So there we have the unpaved African high mountain pass that I was looking for. The rock spraypainted in pink formed part of some kind of finish line. Perhaps there's been an MTB race there.

The piste for the descent was even worse than the one for the climb:
This is good stuff for a technical downhill rider, not for a trekking bike loaded with full intercontinental camping gear. While downhill mountain biking is considered an extreme sport, doing it with my bike is more like chess: planning your strategy in advance and executing it with slow, controlled, steady movements.
It does help to empty the mind: you have to plan your line, watch for little rocks, steer, brake and pedal. The pedaling has to provide traction at the right times, but not make the bike go so fast that the bags fall off at the bumps.

Then, coming around a corner, I see some bags and gas canisters on the piste. Looking around, I also see 2 mules on one side of the piste and a helpless girl of about ten years old on the other side. She is covering her face with her hands.
Shit. I have to help her. Get the baggage back on the mules. But how? Until two weeks ago, I knew mules only from history books. I can't see how the bags were supposed to fit and what made the whole thing fall apart.
Happily, after maybe half a minute, a small motorcycle appears from the opposite direction. The rider is the kind of old-fashioned farmer who does not blink his eyes, and speaks soothing words in Berber to the mules as he loads the stuff on their backs again. I offer him my supply of packing material, and the tie-wraps come in truly handy, so I also get a bit of the savior role too in the end.
Then, also a woman who is presumably the mother of the girl appears. We exchange thanks and everyone continues in his own direction with a great smile on his face.

I do not make much progress and around 15:30 I am still 27 km away from Nekob, the planned end point, and there is a fierce headwind.

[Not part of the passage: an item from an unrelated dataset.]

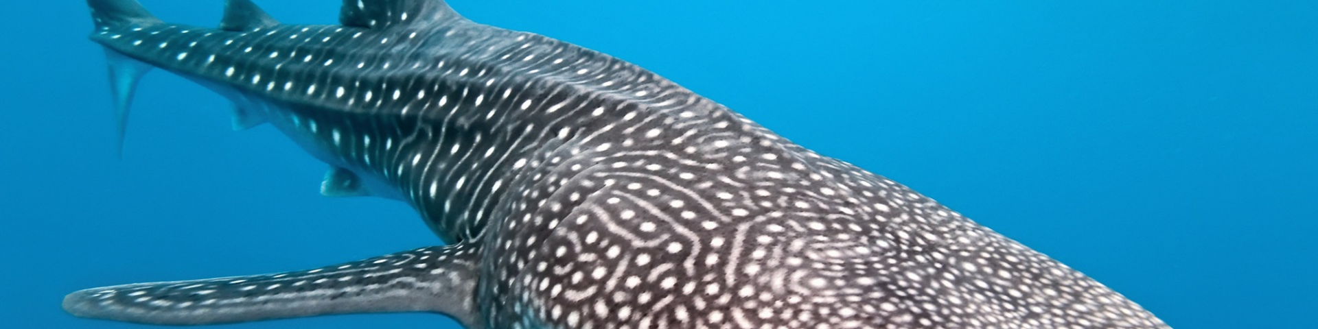 Der Walhai ist eher ein Hai als ein Wal, hat aber die Größe eines Wals. Man schätzt, dass diese Tiere bis zu 20 Meter lang, über 34 Tonnen schwer und 70 bis 100 Jahre alt werden können. Die Haie zeichnen sich durch ihre auffällige blaugraue Rückenfärbung mit zahlreichen weißen Punkten und Streifen, einen hellen Bauch und ein 1,5 Meter breites, stumpfes Maul aus. Durch dieses riesige Maul, in dem sich mehr als 3.000 sehr kleine Zähne befinden, lassen die Tiere 6.000 Liter Wasser pro Stunde strömen. Damit filtern die Meeresriesen Plankton und Kleinstlebewesen aus dem Wasser, von denen sie sich ernähren.

I pass by the auberge near the Bab-n-Ali, a famous peak formation, and after initially riding on I return to it to stay there for the night. The auberge is 27 km away from the nearest paved road, is not hooked up to the electricity grid , and has no heating against the cold winter nights in the mountains. To counter this, they have a solar panel and the pisé walls retain the afternoon heat very well. My room looks like this:

The owner is a modest and honest man. Youssif told me that the three tourist accomodations along the piste have to live off 2 4WDs and 1 motorcycle per day on average. The auberge owner confirms this. He says that earning a living here is hard at times. Still, when a convoy of two large French 4WDs with 8 people passes by, and they stop to ask how far the paved road still is, he says: "27 km. Good piste from here on."

 12th of November: before Nekob - Tamnougalt

The piste is indeed good, and offers spectacular views over a canyon-like valley with a green bottom. I reach  Nekob around 10:00 so I can get some more supplies again. From Nekob on, I follow main roads through the river valleys in the desert. Where these valleys are wide and flat, the river water, coming from the Atlas, is diverted with irrigation canals to forests of date palms. It makes for the beautiful view where you have a lush green palm forest at the bottom, then earth-colored ksar villages above that, and above that the huge earth-colored mountains. I already had pictures of such valleys last week, but now I also have them from the inside:

After taking a small road on the opposite site of the river from the main road Zagora - Agdz, I ended up spending the night in this riad (cosy bed-and-breakfast in historical building) in Tamnougalt. This happened so because the guide for the famous Tamnougalt kashbah lured me into it, insisting for example that I take my bike into the narrow village alleys, so that of course I won't feel like manouvering it out again in the dying minutes of the afternoon.
Nevertheless, it was a very nice place. The house is owned by a French woman, who happened to be present with a friend, and managed and restored by Mustafa, a man from Ouarzazate. We had dinner together, talking about the history and about the dates that are grown there. The box I'd bought on the bridge over the river Drâa contained probably the first dates I'd ever eaten in my life. They're like bananas: sugar and starch. The difference is that a banana has a skin and dates have a stone.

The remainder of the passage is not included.